Year's Best SF 8
Page 10
Escher begins to hunt for that unlikely hiding place.
And then her sisters abruptly change topics. Gossip turns to trading memories stolen from The World. Most of it is picoweight stuff, useless and boring. An astonishing fraction of His thoughts are banal. Like the giants of old, He can afford to be sloppy. To be a spendthrift. Here is a pointed example of why Escher is happy to be herself. She is smart in her own fashion, and imaginative, and almost everything about her is important, and when a problem confronts her, she can cut through the muddle, seeing the blessing wrapped up snug inside the measurable risks.
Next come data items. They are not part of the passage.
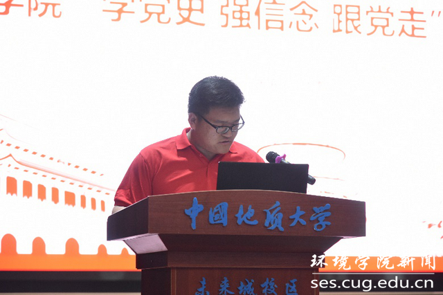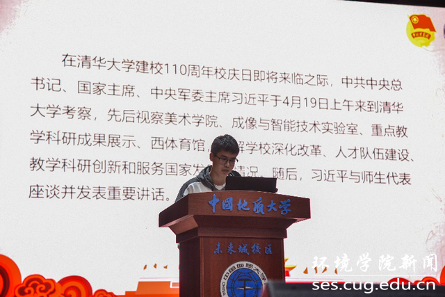 研究生会组织部部长王宇作“学习习近平总书记清华之行讲话精神”的分享。他通过节选习近平总书记在清华考察期间不同场合的讲话,在自己的理解上逐一向大家分享感悟。他谈到:“环境学子应不断锤炼品德,自觉树立和践行社会主义核心价值观,脚踏实地、埋头苦干,敢为人先、敢于突破,争做红专能优的生态环保铁军。”
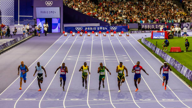 PARIS, FRANCE: AUGUST 04: Noah Lyles of the United States winning the gold medal in the Men’s 100m Final flanked by Letsile Tebogo of Botswana, Oblique Seville of Jamaica and Akani Simbine of South Africa during the Athletics Competition at the Stade de France during the Paris 2024 Summer Olympic Games on August 4th, 2024 in Paris, France. (Photo by Tim Clayton/Corbis via Getty Images)PARIS, FRANCE – AUGUST 4: (L-R) Lamont Marcell Jacobs of Italy, Letsile Tebogo of Botswana, Noah Lyles of United States, Oblique Seville of Jamaica, Akani Simbine of South Africa, Kishane Thompson of Jamaica, Fred Kerley of Unites States and Kenneth Bednarek of Unites States compete in the men’s 100 meters final on day nine of the Olympic Games Paris 2024 at Stade de France on August 4, 2024 in Paris, France. (Photo by Sam Mellish/Getty Images)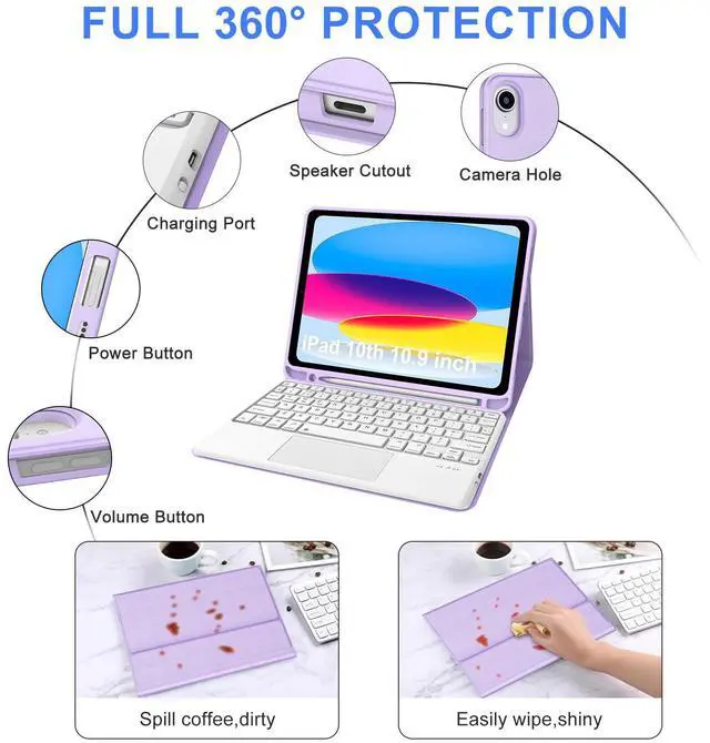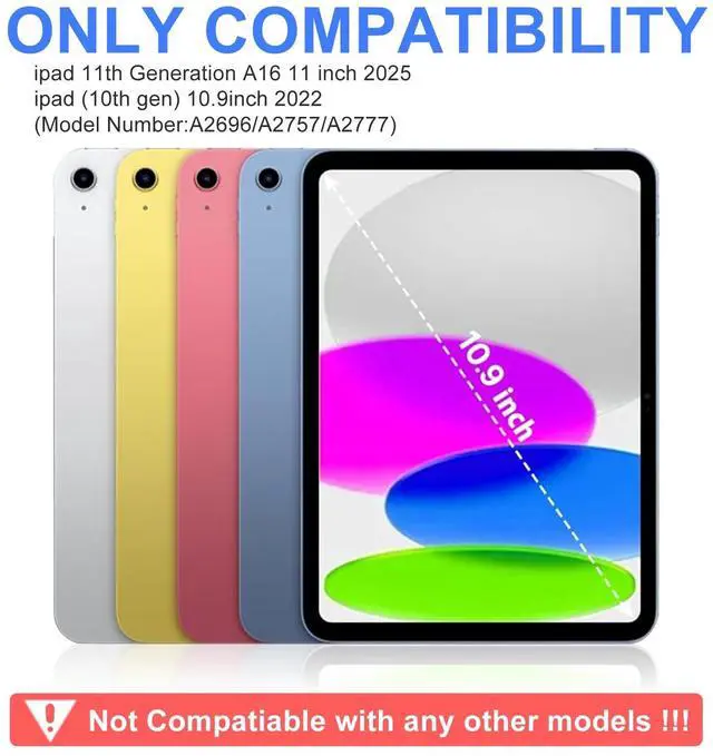 Compatibility for iPad 10th - This for iPad 10th generation keyboard case is ONLY compatible with iPad 11th Generation A16 11 inch 2025, iPad 10th gen 10.9 inch 2022 (Model Number:A2696/A2757/A2777). Not for any other models. Please check the model number No. "AXXXX" the bottom of the back of your tablet to confirm correct size before purchasing.

Quietly, with a puzzled tone, one sister announces, “The World is alarmed.”
“About?” says the other.
“A situation,” says the first. “Yes, He is alarmed now. Moral questions are begging for His attention.”
“What questions?”
The first sister tells a brief, strange story.
“You know all this?” asks another. Asks Escher. “Is this daydream or hard fact?”
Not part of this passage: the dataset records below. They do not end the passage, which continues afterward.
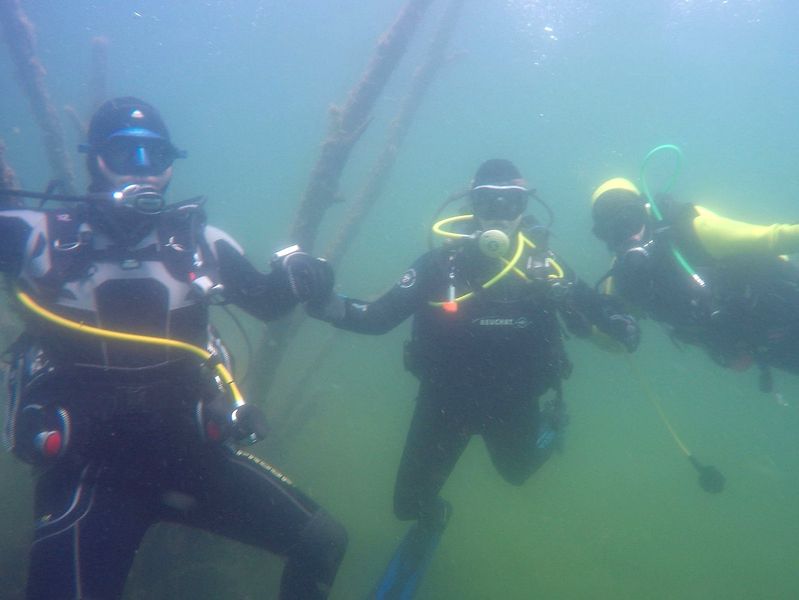 Wir haben uns also in kleine Gruppen aufgeteilt und sind abgetaucht. Es gab aber trotzdem einiges zu sehen, nämlich Flussbarsche, Sonnenbarsche, kleine Hechte, Schwarzmund- Grundeln, jede Menge Fischnachwuchs, blitzschnelle Krebse und etliche Taucher. Das war vor allem für unseren Neutaucher Andi ein Erlebnis, da er bei den letzten Tauchgängen immer noch Prüfungen abzulegen hatte und jetzt zum ersten Mal das Tauchen einfach mal genießen konnte 🙂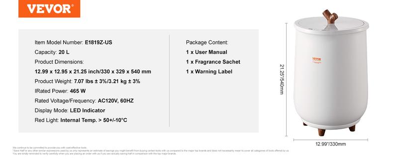 • Spacious Capacity: With a generous 20L capacity, VEVOR towel warmer for bathroom accommodates two oversized towels measuring 70 x 40 inches (approximately 177.8 x 101.6 cm). It's a must-have for larger households, ensuring everyone enjoys warm, cozy towels, robes, blankets, and more.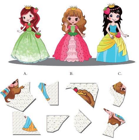 谁才是国王的女儿 草莓国的国王实在老得不行了,躺在病床上的他开始怀念起他美丽的女儿——草莓公主了。他的女儿爱上了邻国的番茄王子,但他怎么能容忍女儿爱上了草莓家族世代的仇家呢?是的,他不能容忍,所以他将她逐出了国家,不再认这个女儿。 但是,现在的草莓国王多么想念他的女儿啊!他在全国都贴出了告示,希望女儿能够回来看望病床上的他。侍卫回来禀告了国王,草莓公主回来了,可是,不是一个,而是三个,有两个公主是假冒的。因为,国王仙逝之后,公主将会得到一笔财富。 国王太老了,他的眼睛已经认不出多年前的草莓公主了。眼前的三位究竟谁才是他的女儿呢? 国王的手里有一堆碎照片,当年一怒之下,他撕碎了唯一一张草莓公主的照片……对,只要拼好这些碎照片,就能认出女儿了! 是的,当你拼完这些碎片,真正的草莓公主就要现身了。她是A公主、B公主,还是C公主呢?火眼金睛的你,快来帮国王认出他日夜惦念的女儿吧!(竞猜Q:937561185)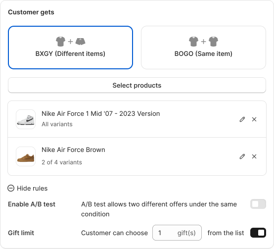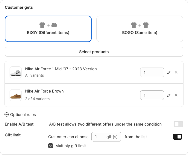 With the AOV Free Gift app, you can easily create and manage BXGY campaigns that convert — no coding required!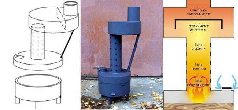 Pour mettre en œuvre ce principe dans la conception du poêle, deux chambres sont fournies, qui sont reliées entre elles par un tuyau percé de trous. Le carburant pénètre dans la chambre inférieure par le trou de remplissage, qui est chauffé ici. Les substances volatiles résultantes montent dans le tuyau, étant saturées d'oxygène atmosphérique à travers la perforation.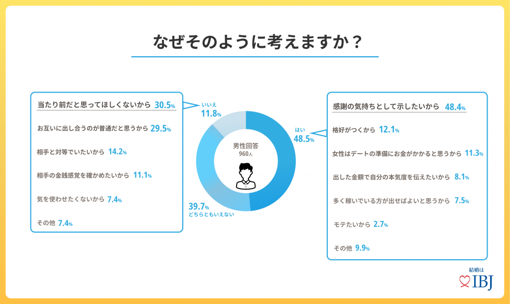 男性は、「感謝の気持ちを示す」ために全額払いを望み、女性は「大切にされている」と感じたいために全額払いを希望することが分かりました。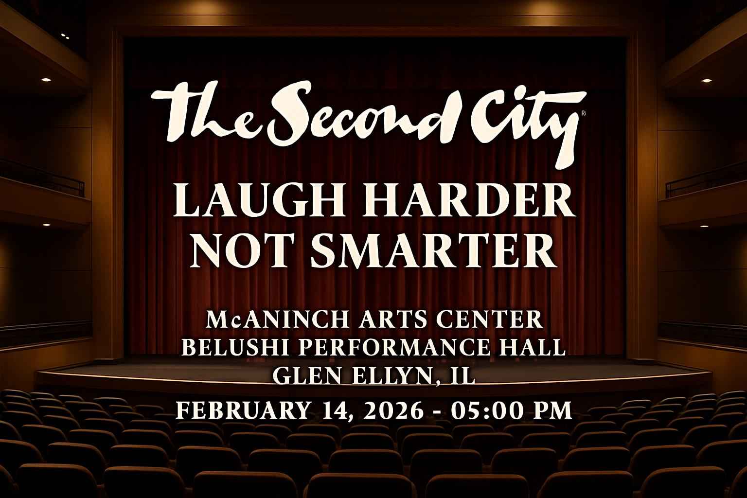 Experience the sharpest comedy in Chicagoland at The Second City Laugh Harder Not Smarter live at McAninch Arts Center in Belushi Performance Hall Glen Ellyn IL on February 14 2026 at 5 PM. Secure your seats for an evening of unscripted laughter and bold improv with legendary performers from the world-famous Second City. This exclusive Glen Ellyn comedy event blends timely satire and crowd interaction making it a top choice for live entertainment near Chicago.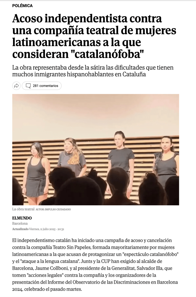Más recientemente, un grupo de teatro aficionado también fue boicoteado como consecuencia de una obra de teatro en la que cuestionaba la politica lingüística en Cataluña.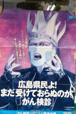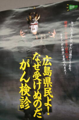 駅に戻る途中見かけたポスター。なぜ閣下は広島県民の健康が気になる?

“I know, and it is fact.” The sister feels insulted by the doubting tone, but she puts on a mannerly voice, explaining the history of this sudden crisis.
Escher listens.
And suddenly the multitude is talking about nothing else. What is happening has never happened before, not in this fashion…not in any genuine memory of any of the millions here, it hasn’t…and some very dim possibilities begin to show themselves. Benefits wrapped inside some awful dangers. And one or two of these benefits wink at Escher, and smile….
The multitude panics, and evaporates.
Escher remains behind, deliberating on these possibilities. The landscape beneath her is far more sophisticated than flesh, and stronger, but it has an ugly appearance that reminds her of a flesh-born memory. A lesion; a pimple. A tiny, unsightly ruin standing in what is normally seamless, and beautiful, and perfect.
She flees, but only so far.
Then she hunkers down and waits, knowing that eventually, in one fashion or another, He will scratch at this tiny irritation.
THE SPEAKER
“You cannot count human accomplishments,” he boasts to his audience, strutting and wagging his way to the edge of the stage. Bare toes curl over the sharp edge, and he grins jauntily, admitting, “And I cannot count them, either. There are simply too many successes, in too many far flung places, to nail up a number that you can believe. But allow me, if you will, this chance to list a few important marvels.”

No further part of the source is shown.